**Exercise objective:**
Line by line, print the records exactly as they are, dropping the pictures.

[Extracted records]
────
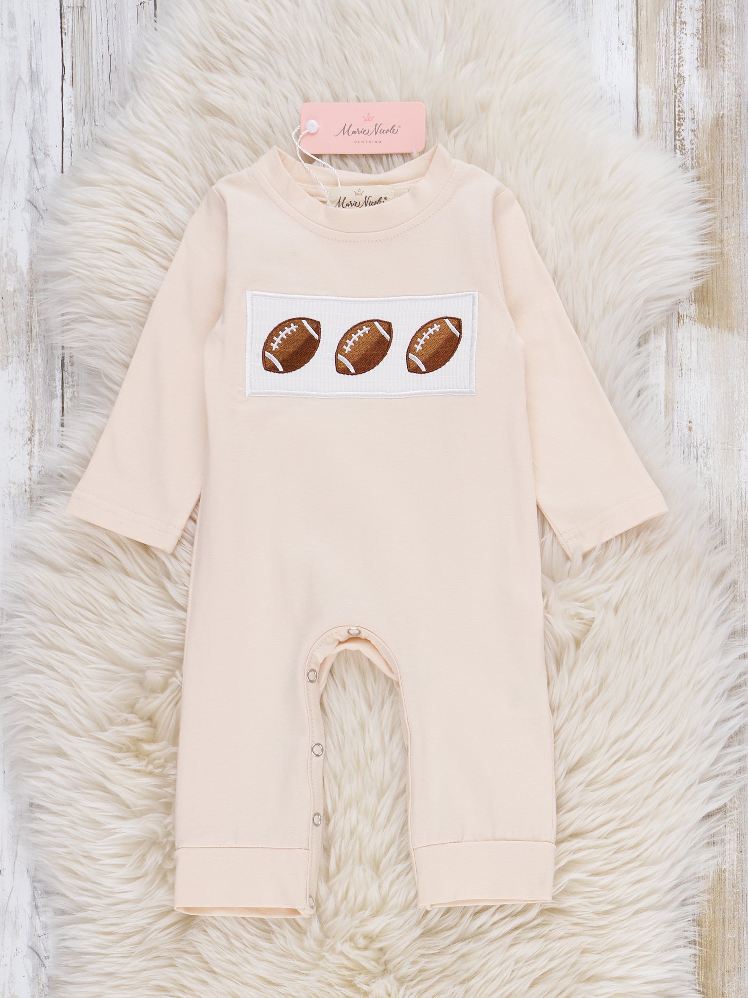 Tan Football Time Smocked Romper
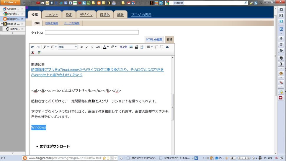 で、そこに具体的に何をしたのか、というスクリーンショットを合わせたら面白そうだな~と思い立ったわけです。もちろんPCのスクリーンショットなのでPCでの作業限定ですが、家にいるときは大体PCの前なので…。
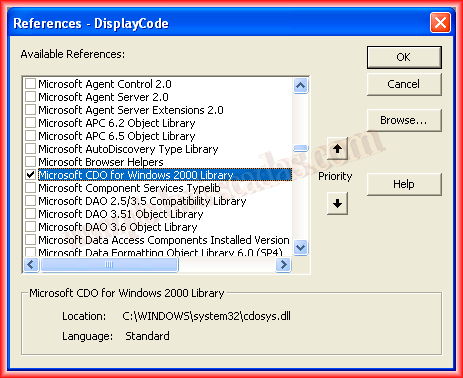 Una vez definido esto, con el botón derecho abrimos el editor de VBA Code, y lo que vamos a crear es una función para enviar el mail, pero para ello previamente tenemos que agregar una referencia al objeto Microsoft CDO for Windows 2000 Library, esto lo hacemos desde Tools -> References y la agregamos.
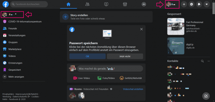 - Ă–ffnen Sie Facebook im Browser und klicken Sie oben auf Ihr Profil.
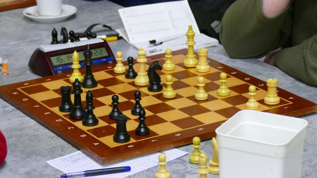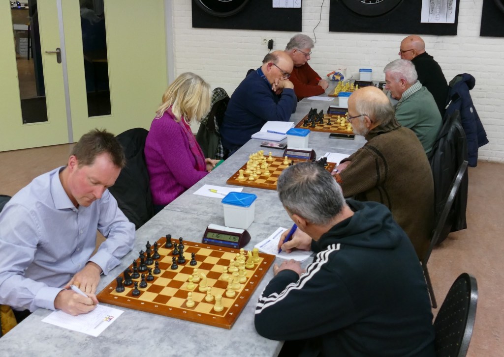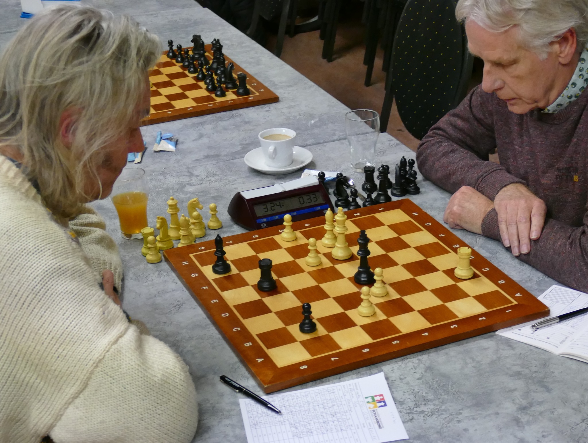 Om 10.35 kwamen er vlot achter elkaar twee verliespartijen voor ons. Rienk had een pion weggeven en bleef daarnaast zitten met een onveilige koning. De tegenstander maakte dat goed af.
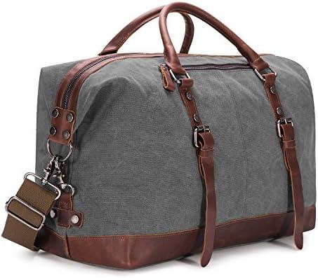 - 4 BAOSHA HB-14 ÉNORME élégant Sac de Voyage Week-End Sac de Sport en Toile et PU Cuir (Gris)
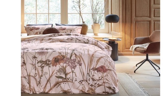 Flowered duvet cover set in shades of terracotta, brown and beige on a soft pink background From our JO&ME brand Double-queen size set includes: 1 duvet cover 88'' x 90'', 2 pillow shams 20'' x 30'' King size set includes: 1 duvet cover 104'' x 90'', 2 pillow shams 20'' x 36'' Zipper closure Inside corner ties to help secure the duvet insert 100% cotton Machine washable and dryable
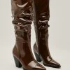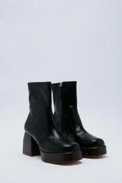 Fancy footwear. Feel confident when you step out in our chunky boots, with high quality faux leather fabric, statement chunky heels, and unique wood effect sole. Pairs well with jeans or skirts for an elevated look that will take you seamlessly from day to night, whether you’re going for dinner and drinks or happy hour and nearby dancefloors.
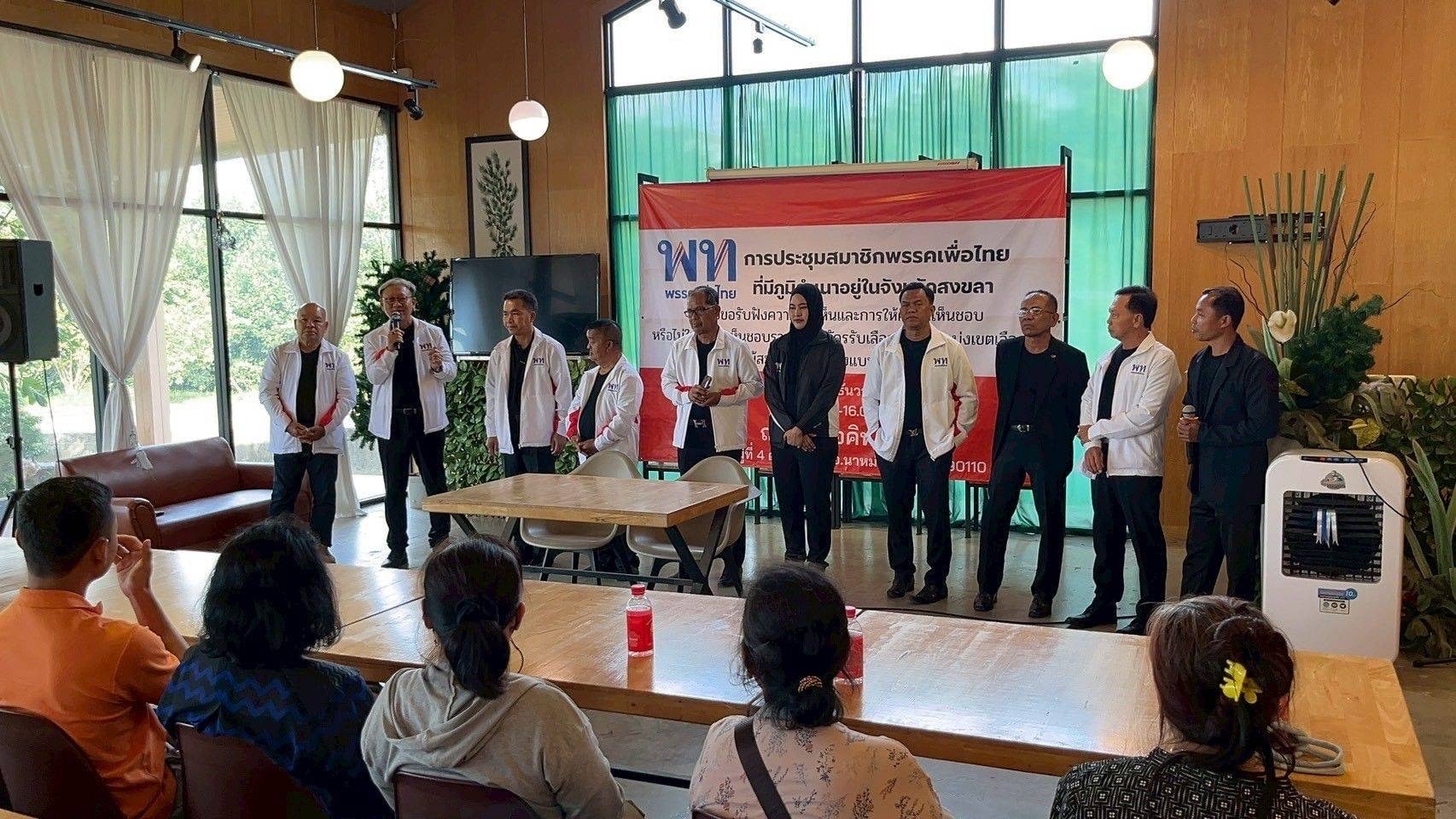 24 ธ.ค.2568 - มีรายงานว่าที่ร้านไอคิทเซ่น ต.นาหม่อม อ.นาหม่อม จ.สงขลา ได้ประชุมสมาชิกพรรคเพื่อไทย รับฟังความคิดเห็นและการให้ความเห็นชอบหรือไม่ให้ความเห็นชอบรายชื่อผู้สมัครรับเลือกตั้งแบบแบ่งเขตเลือกตั้ง และผู้สมัครรับเลือกตั้งแบบบัญชีรายชื่อพรรคเพื่อไทยสงขลา มีผู้เข้าร่วมประมาณ 200 คน
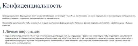 Начинается политика конфиденциальности у аферистов 1 Точ Трейд довольно ожидаемо, а именно с уточнения того, что шулера 1 Touch Trade собирают личную и персональную информацию клиентов. На изображении, расположенном ниже, вы можете увидеть начало политики конфиденциальности аферистов 1 Точ Трейд.
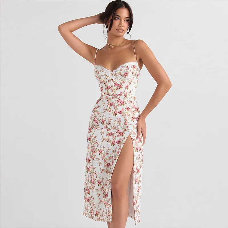 Versatility This dress is incredibly versatile, making it an essential addition to your summer wardrobe. Pair it with sandals and a sunhat for a chic daytime look, or dress it up with heels and statement jewelry for a glamorous evening out. The combination of lace, floral print, and the slit makes this dress suitable for a wide range of occasions, from casual beach days to more formal summer soirées.
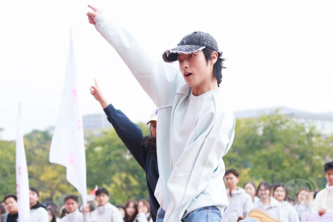 与音乐同来的,是一抹靓丽的色彩。艺术与传媒学院的同学舞步翩跹,随节奏舞蹈,在阳光下展示青年风貌。
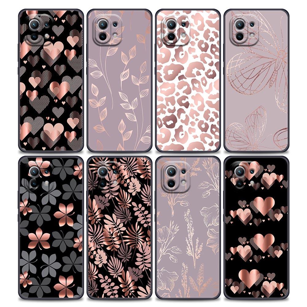 Pink Glitter Hearts Love Grass Leaf For Xiaomi 15 Ultra 11T 12T 13T 14T Pro Phone Case Mi POCO X7 M7 F7 Pro F5 F6 X3 X5 X6 Cover
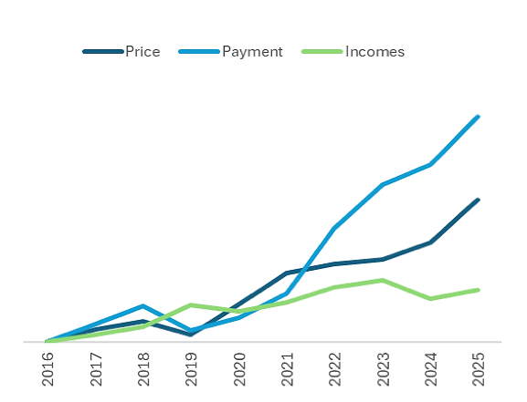 Housing costs have risen much faster than incomes in Rappahannock County. The median home price in 2025 was $617,250 and the median monthly rent was $2,000. (Graphic/Greater Piedmont Housing Gap analysis)
────
**Response area:**
 Tan Football Time Smocked Romper
 で、そこに具体的に何をしたのか、というスクリーンショットを合わせたら面白そうだな~と思い立ったわけです。もちろんPCのスクリーンショットなのでPCでの作業限定ですが、家にいるときは大体PCの前なので…。
 Una vez definido esto, con el botón derecho abrimos el editor de VBA Code, y lo que vamos a crear es una función para enviar el mail, pero para ello previamente tenemos que agregar una referencia al objeto Microsoft CDO for Windows 2000 Library, esto lo hacemos desde Tools -> References y la agregamos.
 - Ă–ffnen Sie Facebook im Browser und klicken Sie oben auf Ihr Profil.
 Om 10.35 kwamen er vlot achter elkaar twee verliespartijen voor ons. Rienk had een pion weggeven en bleef daarnaast zitten met een onveilige koning. De tegenstander maakte dat goed af.
 - 4 BAOSHA HB-14 ÉNORME élégant Sac de Voyage Week-End Sac de Sport en Toile et PU Cuir (Gris)
 Flowered duvet cover set in shades of terracotta, brown and beige on a soft pink background From our JO&ME brand Double-queen size set includes: 1 duvet cover 88'' x 90'', 2 pillow shams 20'' x 30'' King size set includes: 1 duvet cover 104'' x 90'', 2 pillow shams 20'' x 36'' Zipper closure Inside corner ties to help secure the duvet insert 100% cotton Machine washable and dryable
 Fancy footwear. Feel confident when you step out in our chunky boots, with high quality faux leather fabric, statement chunky heels, and unique wood effect sole. Pairs well with jeans or skirts for an elevated look that will take you seamlessly from day to night, whether you’re going for dinner and drinks or happy hour and nearby dancefloors.
 24 ธ.ค.2568 - มีรายงานว่าที่ร้านไอคิทเซ่น ต.นาหม่อม อ.นาหม่อม จ.สงขลา ได้ประชุมสมาชิกพรรคเพื่อไทย รับฟังความคิดเห็นและการให้ความเห็นชอบหรือไม่ให้ความเห็นชอบรายชื่อผู้สมัครรับเลือกตั้งแบบแบ่งเขตเลือกตั้ง และผู้สมัครรับเลือกตั้งแบบบัญชีรายชื่อพรรคเพื่อไทยสงขลา มีผู้เข้าร่วมประมาณ 200 คน
 Начинается политика конфиденциальности у аферистов 1 Точ Трейд довольно ожидаемо, а именно с уточнения того, что шулера 1 Touch Trade собирают личную и персональную информацию клиентов. На изображении, расположенном ниже, вы можете увидеть начало политики конфиденциальности аферистов 1 Точ Трейд.
 Versatility This dress is incredibly versatile, making it an essential addition to your summer wardrobe. Pair it with sandals and a sunhat for a chic daytime look, or dress it up with heels and statement jewelry for a glamorous evening out. The combination of lace, floral print, and the slit makes this dress suitable for a wide range of occasions, from casual beach days to more formal summer soirées.
 与音乐同来的,是一抹靓丽的色彩。艺术与传媒学院的同学舞步翩跹,随节奏舞蹈,在阳光下展示青年风貌。
 Pink Glitter Hearts Love Grass Leaf For Xiaomi 15 Ultra 11T 12T 13T 14T Pro Phone Case Mi POCO X7 M7 F7 Pro F5 F6 X3 X5 X6 Cover
 Housing costs have risen much faster than incomes in Rappahannock County. The median home price in 2025 was $617,250 and the median monthly rent was $2,000. (Graphic/Greater Piedmont Housing Gap analysis)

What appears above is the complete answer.